Kim copied the e-mail into a word-processing program, removed all header information and printed a copy. Then she destroyed the e-mail, both through the delete key and a more sophisticated function designed to erase it entirely from the hard drive. If she were investigated or hacked, there would be no trace of Oracle on her computer.
Taking the paper from the printer, she sipped her hot chocolate, thinking. Maybe the names themselves would offer a clue toward the code pattern.
Were there possibilities in the names? Abd-Humam was a common surname, but it had religious overtones: servant of the high-minded. Mansour was a very common name. She scowled, trying to remember. She was fluent in Arabic, as well as Italian, French, and—through a lovely triangle of events the year she was twelve—Navajo.

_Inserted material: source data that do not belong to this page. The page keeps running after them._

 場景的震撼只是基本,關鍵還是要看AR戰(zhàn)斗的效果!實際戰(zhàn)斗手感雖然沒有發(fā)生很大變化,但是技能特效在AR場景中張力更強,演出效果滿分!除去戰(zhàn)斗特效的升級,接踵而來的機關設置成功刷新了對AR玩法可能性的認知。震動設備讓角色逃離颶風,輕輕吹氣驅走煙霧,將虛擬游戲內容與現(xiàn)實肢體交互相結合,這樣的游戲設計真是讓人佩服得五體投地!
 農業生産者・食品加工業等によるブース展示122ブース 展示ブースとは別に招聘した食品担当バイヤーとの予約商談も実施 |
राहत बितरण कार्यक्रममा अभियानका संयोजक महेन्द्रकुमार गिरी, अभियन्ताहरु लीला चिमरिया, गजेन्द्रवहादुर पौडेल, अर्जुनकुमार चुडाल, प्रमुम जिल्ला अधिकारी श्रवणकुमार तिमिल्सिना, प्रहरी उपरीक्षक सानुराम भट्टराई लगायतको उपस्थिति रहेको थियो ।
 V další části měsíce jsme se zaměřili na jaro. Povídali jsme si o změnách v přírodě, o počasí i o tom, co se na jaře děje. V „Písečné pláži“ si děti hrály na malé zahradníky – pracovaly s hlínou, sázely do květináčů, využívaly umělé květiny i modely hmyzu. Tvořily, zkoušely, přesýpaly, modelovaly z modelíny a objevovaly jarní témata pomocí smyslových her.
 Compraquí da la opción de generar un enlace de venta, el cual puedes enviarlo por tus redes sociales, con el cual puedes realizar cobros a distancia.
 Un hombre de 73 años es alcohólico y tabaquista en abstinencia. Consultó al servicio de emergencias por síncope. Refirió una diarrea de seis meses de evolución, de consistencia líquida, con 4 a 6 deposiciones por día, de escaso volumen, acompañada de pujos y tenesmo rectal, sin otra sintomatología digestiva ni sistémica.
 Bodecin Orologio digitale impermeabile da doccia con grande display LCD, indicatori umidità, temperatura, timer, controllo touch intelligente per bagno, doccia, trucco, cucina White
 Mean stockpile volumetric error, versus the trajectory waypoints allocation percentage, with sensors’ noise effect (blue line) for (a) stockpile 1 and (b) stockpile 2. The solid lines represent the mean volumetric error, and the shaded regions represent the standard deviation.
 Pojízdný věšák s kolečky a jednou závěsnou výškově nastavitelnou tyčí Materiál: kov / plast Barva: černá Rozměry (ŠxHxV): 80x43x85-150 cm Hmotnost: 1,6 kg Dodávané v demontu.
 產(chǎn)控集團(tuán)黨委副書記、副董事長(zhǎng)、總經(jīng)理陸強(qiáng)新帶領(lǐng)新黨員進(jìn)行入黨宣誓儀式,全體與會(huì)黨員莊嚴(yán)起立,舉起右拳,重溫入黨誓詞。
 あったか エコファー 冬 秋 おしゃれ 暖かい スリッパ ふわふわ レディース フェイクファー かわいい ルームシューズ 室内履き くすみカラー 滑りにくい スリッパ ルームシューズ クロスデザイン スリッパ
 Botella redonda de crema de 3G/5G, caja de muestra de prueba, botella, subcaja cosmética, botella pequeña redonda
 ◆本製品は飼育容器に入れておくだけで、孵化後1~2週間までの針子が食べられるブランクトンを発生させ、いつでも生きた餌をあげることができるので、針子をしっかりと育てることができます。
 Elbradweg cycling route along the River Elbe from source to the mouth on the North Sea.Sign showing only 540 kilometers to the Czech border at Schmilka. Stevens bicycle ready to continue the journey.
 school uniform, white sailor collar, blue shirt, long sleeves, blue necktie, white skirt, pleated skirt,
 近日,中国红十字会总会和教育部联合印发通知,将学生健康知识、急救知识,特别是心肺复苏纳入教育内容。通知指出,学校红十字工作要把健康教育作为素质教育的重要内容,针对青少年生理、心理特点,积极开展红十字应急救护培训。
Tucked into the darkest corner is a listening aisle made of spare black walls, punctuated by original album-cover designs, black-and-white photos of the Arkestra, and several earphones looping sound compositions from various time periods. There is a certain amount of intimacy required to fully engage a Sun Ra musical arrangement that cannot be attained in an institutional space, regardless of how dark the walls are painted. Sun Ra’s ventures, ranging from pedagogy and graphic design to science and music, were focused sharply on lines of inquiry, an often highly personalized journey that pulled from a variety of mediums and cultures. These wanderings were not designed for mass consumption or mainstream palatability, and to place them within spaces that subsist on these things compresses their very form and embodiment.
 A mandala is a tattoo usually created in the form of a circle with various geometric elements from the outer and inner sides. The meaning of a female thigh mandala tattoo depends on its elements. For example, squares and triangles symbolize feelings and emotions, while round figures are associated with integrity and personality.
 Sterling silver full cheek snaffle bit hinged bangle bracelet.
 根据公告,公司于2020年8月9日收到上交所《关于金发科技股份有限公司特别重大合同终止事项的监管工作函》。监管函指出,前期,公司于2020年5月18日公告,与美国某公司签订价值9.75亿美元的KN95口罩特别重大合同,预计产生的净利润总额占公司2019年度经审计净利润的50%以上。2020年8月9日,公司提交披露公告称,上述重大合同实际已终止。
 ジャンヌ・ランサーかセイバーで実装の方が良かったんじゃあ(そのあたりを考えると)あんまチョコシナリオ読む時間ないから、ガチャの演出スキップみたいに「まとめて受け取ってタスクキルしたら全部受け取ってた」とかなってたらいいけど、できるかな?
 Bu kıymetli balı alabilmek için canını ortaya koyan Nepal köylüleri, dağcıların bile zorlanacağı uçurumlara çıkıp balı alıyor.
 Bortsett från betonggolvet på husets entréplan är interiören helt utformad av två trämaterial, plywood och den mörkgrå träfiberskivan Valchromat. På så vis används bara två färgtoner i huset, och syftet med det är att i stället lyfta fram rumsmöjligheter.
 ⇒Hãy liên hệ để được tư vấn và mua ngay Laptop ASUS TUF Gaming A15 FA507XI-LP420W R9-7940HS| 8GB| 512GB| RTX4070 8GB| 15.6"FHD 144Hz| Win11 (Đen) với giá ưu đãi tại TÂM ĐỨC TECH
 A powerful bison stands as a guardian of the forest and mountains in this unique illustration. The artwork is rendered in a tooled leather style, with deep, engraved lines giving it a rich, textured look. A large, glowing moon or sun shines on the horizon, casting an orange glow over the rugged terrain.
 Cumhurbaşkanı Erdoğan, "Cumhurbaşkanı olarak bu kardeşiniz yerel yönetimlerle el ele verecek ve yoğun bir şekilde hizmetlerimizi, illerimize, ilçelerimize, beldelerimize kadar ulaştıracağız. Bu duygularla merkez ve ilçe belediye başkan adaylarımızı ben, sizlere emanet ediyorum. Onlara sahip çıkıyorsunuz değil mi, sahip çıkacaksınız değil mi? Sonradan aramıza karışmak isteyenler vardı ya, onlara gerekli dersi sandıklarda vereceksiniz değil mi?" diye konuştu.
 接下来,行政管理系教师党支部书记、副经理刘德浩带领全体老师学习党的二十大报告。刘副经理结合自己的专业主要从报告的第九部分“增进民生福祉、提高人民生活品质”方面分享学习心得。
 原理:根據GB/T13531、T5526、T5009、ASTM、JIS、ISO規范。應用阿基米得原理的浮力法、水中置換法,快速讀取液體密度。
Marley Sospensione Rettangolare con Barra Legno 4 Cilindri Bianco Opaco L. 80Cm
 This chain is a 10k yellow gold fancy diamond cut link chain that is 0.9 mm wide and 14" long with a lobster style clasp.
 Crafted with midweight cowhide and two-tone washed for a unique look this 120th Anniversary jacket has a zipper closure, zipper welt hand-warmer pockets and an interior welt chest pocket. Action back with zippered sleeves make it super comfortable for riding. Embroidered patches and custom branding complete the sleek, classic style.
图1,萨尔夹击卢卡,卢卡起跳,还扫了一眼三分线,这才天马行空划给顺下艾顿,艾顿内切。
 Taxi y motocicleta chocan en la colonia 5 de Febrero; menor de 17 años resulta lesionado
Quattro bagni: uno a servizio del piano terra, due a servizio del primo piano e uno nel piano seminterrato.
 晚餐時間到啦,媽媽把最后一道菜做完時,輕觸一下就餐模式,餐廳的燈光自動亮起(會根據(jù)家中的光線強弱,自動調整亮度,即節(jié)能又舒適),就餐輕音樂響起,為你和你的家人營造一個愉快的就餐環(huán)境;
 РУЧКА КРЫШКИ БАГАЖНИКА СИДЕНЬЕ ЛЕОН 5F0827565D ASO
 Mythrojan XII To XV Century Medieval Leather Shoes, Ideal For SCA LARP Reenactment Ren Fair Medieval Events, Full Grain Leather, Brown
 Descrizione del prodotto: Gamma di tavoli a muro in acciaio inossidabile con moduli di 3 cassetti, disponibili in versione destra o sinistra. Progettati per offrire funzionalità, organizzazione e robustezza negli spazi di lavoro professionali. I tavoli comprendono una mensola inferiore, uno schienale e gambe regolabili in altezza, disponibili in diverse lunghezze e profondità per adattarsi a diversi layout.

But one didn’t remember everything.
With a pad of paper and a pencil, she scribbled more notes, played with possibilities, fixed the English, then the Arabic letters in her mind. Something for the wheels to spin around as she slept.
She rubbed her eyes wearily. Q’rajn was a very dangerous organization, as they’d proven more than once with all the usual—though no less horrifying—earmarks of fanaticism: suicide bombings and death threats and displays of bravado in villages across the Middle East. They always faded away before they could be captured, though the CIA had been lucky in nabbing a key player last summer. He’d not given up much information, but his background and connections had provided some genuine leads and links to terrorism in Berzhaan.